◆ Work to be completed: Would you copy every record exactly as it stands and drop the pictures?

◆ Input:

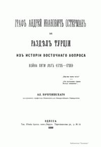 Графъ Андрей Ивановичъ Остерманъ и раздѣл Турцiи. Изъ исторiи восточнаго вопроса. Война пяти лѣтъ (1735-1739)
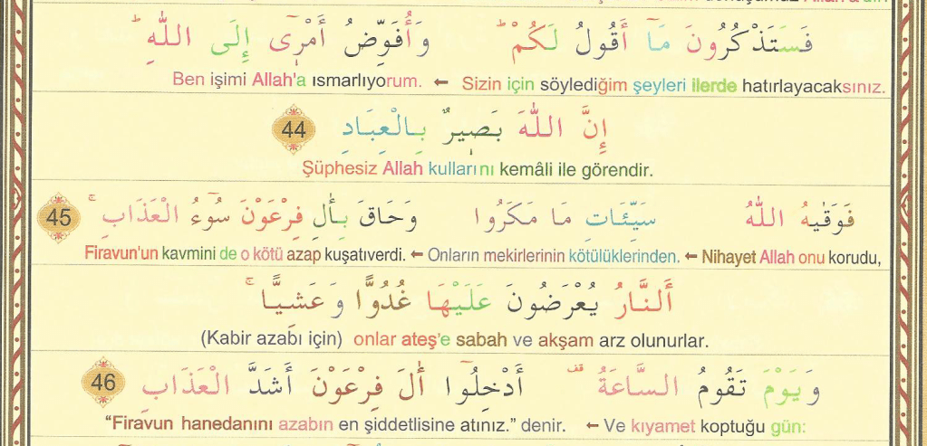 Fe vekahullahu seyyiati ma mekeru ve haka bi ali fir’avne suul azab.
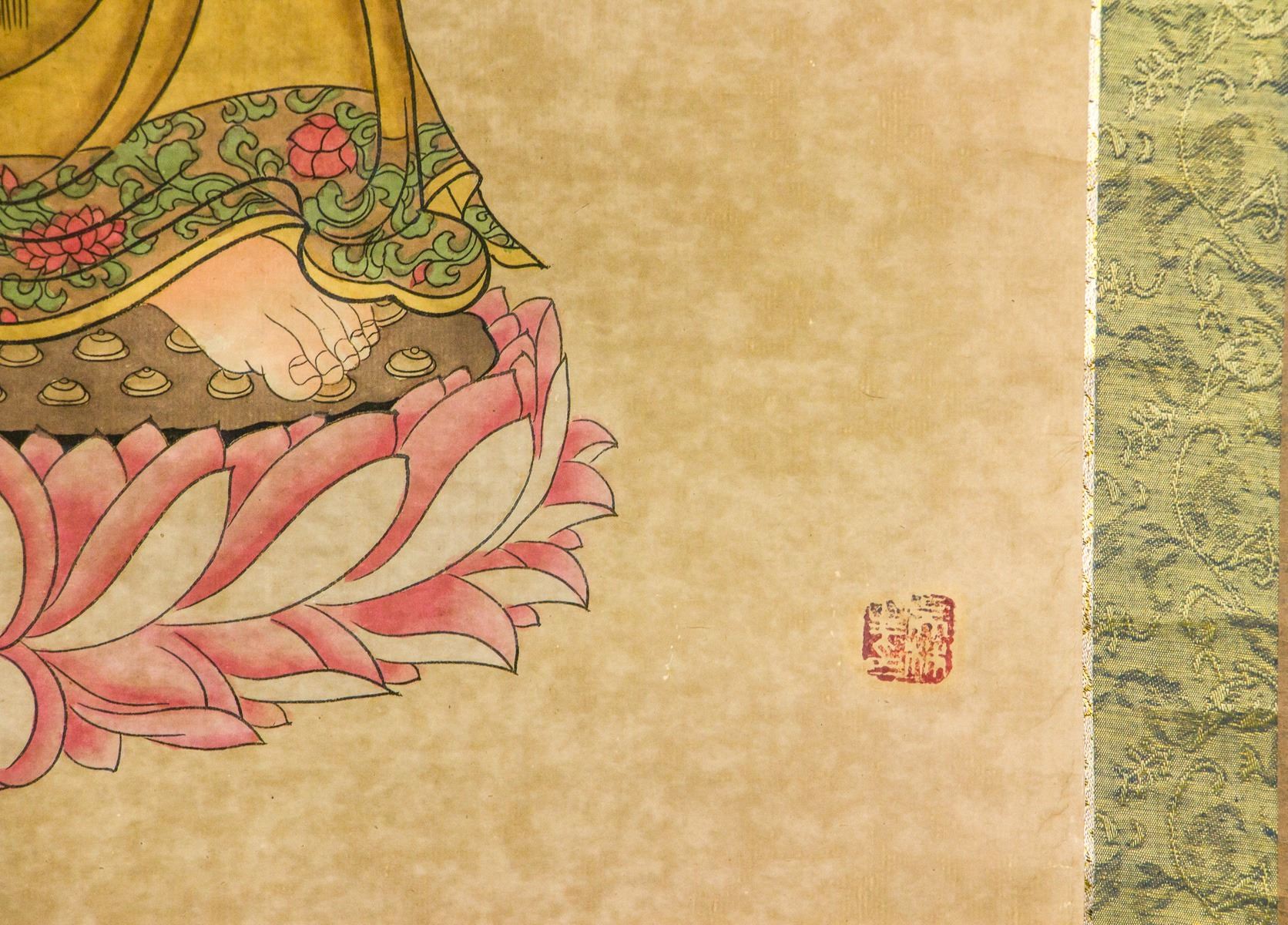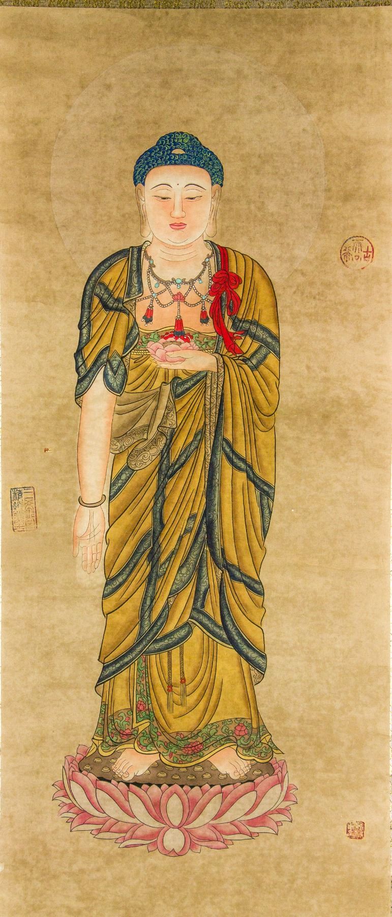 Ink and watercolor on silk; hanging scroll. Featuring Gautama Buddha. Inscribed with three red seals including one San Xi Tang seal; 183 × 61 cm
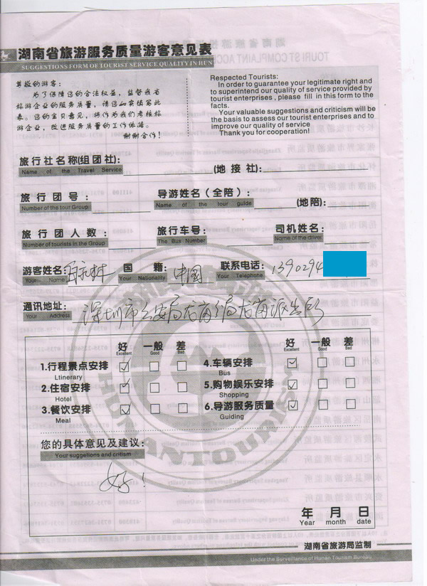 深圳白先生一行10人旅游質(zhì)量回饋
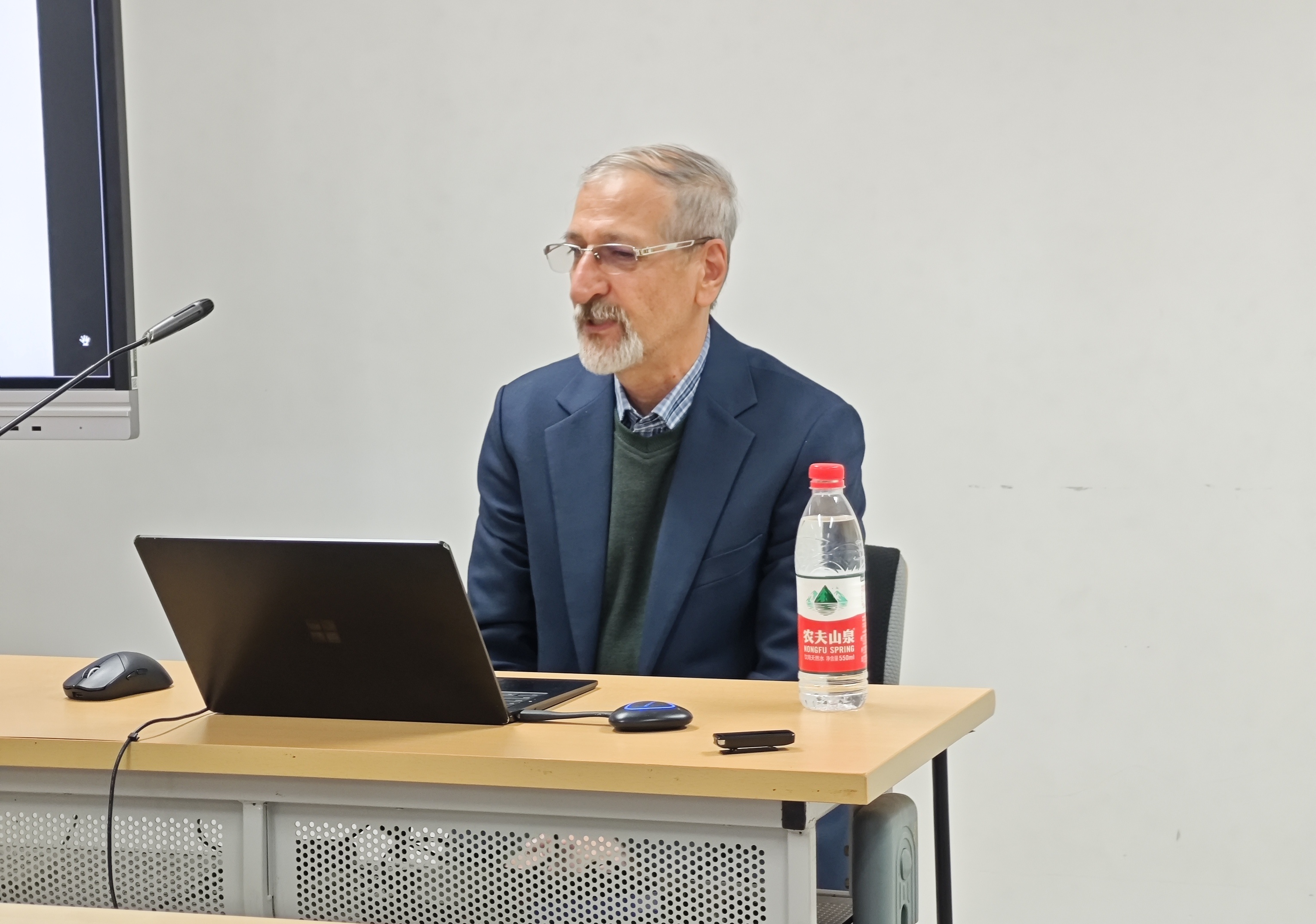 在讨论环节,各位与谈人以及其他在场师生与谢赫霍卡玛伊研究员展开热烈讨论。讲座结束之时,谢赫霍卡玛伊研究员还向3003新葡平台登录入口伊朗文化研究所赠送了书籍。

◆ Exercise response:
 Графъ Андрей Ивановичъ Остерманъ и раздѣл Турцiи. Изъ исторiи восточнаго вопроса. Война пяти лѣтъ (1735-1739)
 Fe vekahullahu seyyiati ma mekeru ve haka bi ali fir’avne suul azab.
 Ink and watercolor on silk; hanging scroll. Featuring Gautama Buddha. Inscribed with three red seals including one San Xi Tang seal; 183 × 61 cm
 深圳白先生一行10人旅游質(zhì)量回饋
 在讨论环节,各位与谈人以及其他在场师生与谢赫霍卡玛伊研究员展开热烈讨论。讲座结束之时,谢赫霍卡玛伊研究员还向3003新葡平台登录入口伊朗文化研究所赠送了书籍。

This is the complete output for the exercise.